WHAT TO WORK ON:
Nothing beyond the line containing "本科學(xué)歷,有美國(guó)中學" is to be printed; print exactly each line from the start of the records below through that line, leaving out pictures.

INFORMATION:
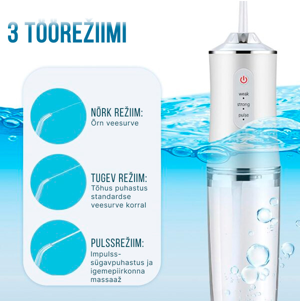 🦷 Kaasaskantav ja kohandatav, see juhtmevaba veepuhastusseade aitab teil saavutada tervislikuma naeratuse ka teel olles.
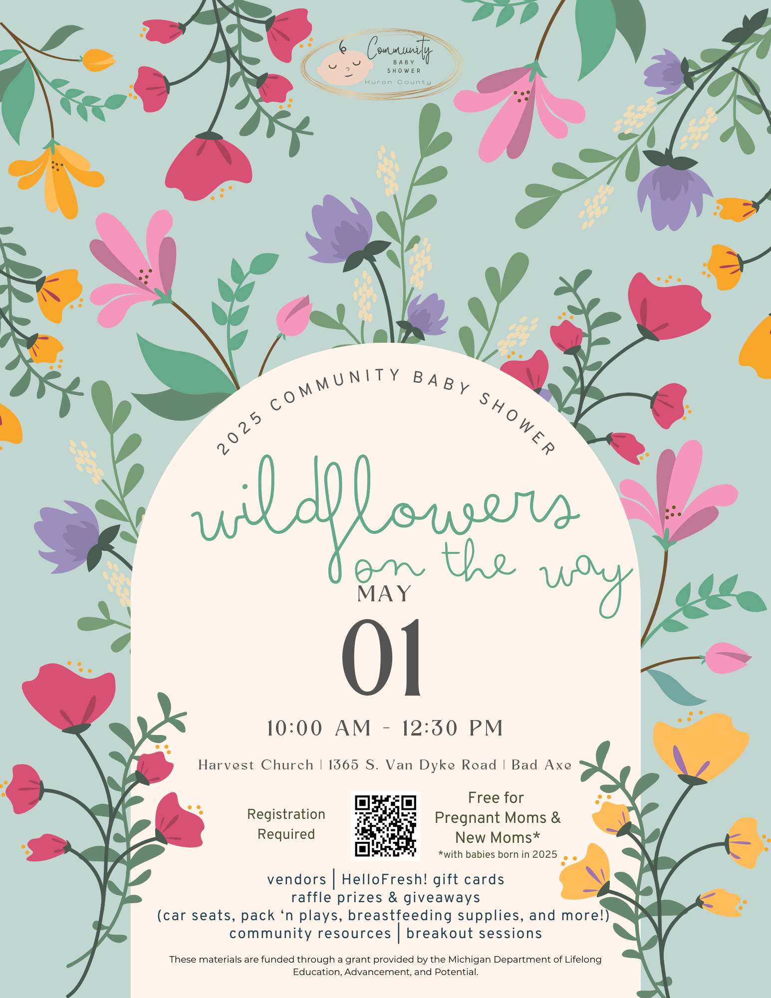 The 2025 Huron County Community Baby Shower, Wildflowers on the Way, will include vendors, raffle prizes and giveaways, community resources and vendor tables, and a variety of breakout sessions.
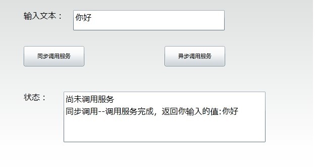 <Button Content="同步調(diào)用服務(wù)" Height="40" HorizontalAlignment="Left" Margin="67,98,0,0" Name="button1" VerticalAlignment="Top" Width="120" Click="button1_Click" />
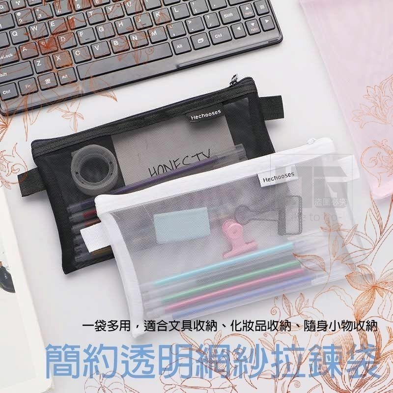 簡約透明網紗拉鍊袋 文具 拉鍊袋 文具袋 筆袋 【過生活】
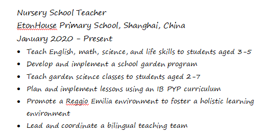 本科學(xué)歷,有美國(guó)中學(xué)科學(xué)教師資格證,6年以上經(jīng)驗(yàn),求職下學(xué)期上海中學(xué)科學(xué)職位,28k+ |
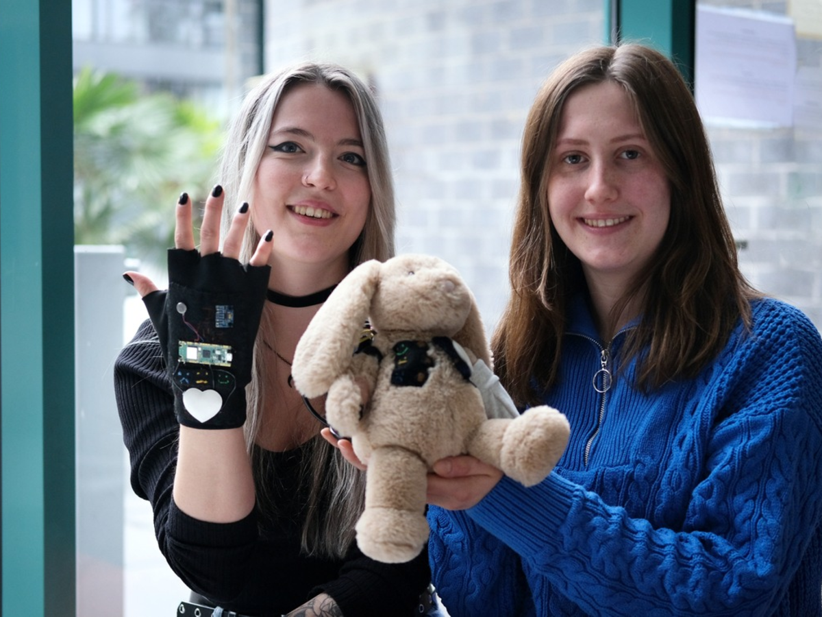 Unter Anleitung ihrer Betreuerin konzipierten die beiden Studentinnen daraufhin zum einen ein Kuscheltier, ĂŒber das Kinder Kontakt mit ihren Eltern aufnehmen können und zum anderen einen Handschuh, der das Kuscheltier steuern kann. "In der AusfĂŒhrung hatten wir sehr viele Freiheiten und konnten mitentscheiden, wie die Forschungsfrage angegangen werden soll. Zuerst haben wir uns damit beschĂ€ftigt, welche BedĂŒrfnisse ein neues GerĂ€t bei Eltern und Kindern erfĂŒllen mĂŒsste", sagt Sophie Kunz. In einer umfassenden Literatur-Analyse haben die beiden Studentinnen erarbeitet, dass Kinder vor allem etwas zum Anfassen brauchen, da selbst Videoanrufe noch sehr abstrakt fĂŒr sie sind. FĂŒr Eltern hingegen ist ein mobiles GerĂ€t am besten geeignet, damit sie etwa auch von Unterwegs mit ihren Kindern kommunizieren können. "Das Kuscheltier bietet den Kindern also ein StĂŒck weit einen Ersatz fĂŒr den physischen Kontakt mit den Eltern, wĂ€hrend der Handschuh fĂŒr die Erwachsenen ein tragbarer Kontaktpunkt mit ihren Kindern ist", erklĂ€ren die Studentinnen.
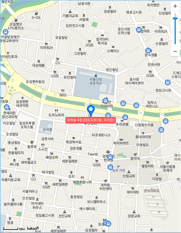 주소는 서울특별시 관악구 신림로 111 (대학동)이라고 하네요.
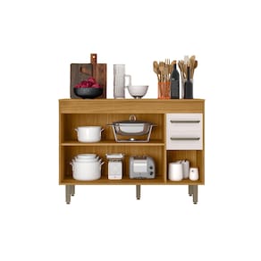 MDPA estrutura conta com dobradiças metálicas de 26mm, 1 prateleira interna que suporta até 4kg e puxadores em polímero na cor bronze, que agregam elegância ao visual do móvel. Os pés reguláveis de 17cm em PVC modelo pirâmide garantem estabilidade e nivelamento, mesmo em pisos irregulares.

EXPECTED ANSWER:
 🦷 Kaasaskantav ja kohandatav, see juhtmevaba veepuhastusseade aitab teil saavutada tervislikuma naeratuse ka teel olles.
 The 2025 Huron County Community Baby Shower, Wildflowers on the Way, will include vendors, raffle prizes and giveaways, community resources and vendor tables, and a variety of breakout sessions.
 <Button Content="同步調(diào)用服務(wù)" Height="40" HorizontalAlignment="Left" Margin="67,98,0,0" Name="button1" VerticalAlignment="Top" Width="120" Click="button1_Click" />
 簡約透明網紗拉鍊袋 文具 拉鍊袋 文具袋 筆袋 【過生活】
 本科學(xué)歷,有美國(guó)中學(xué)科學(xué)教師資格證,6年以上經(jīng)驗(yàn),求職下學(xué)期上海中學(xué)科學(xué)職位,28k+ |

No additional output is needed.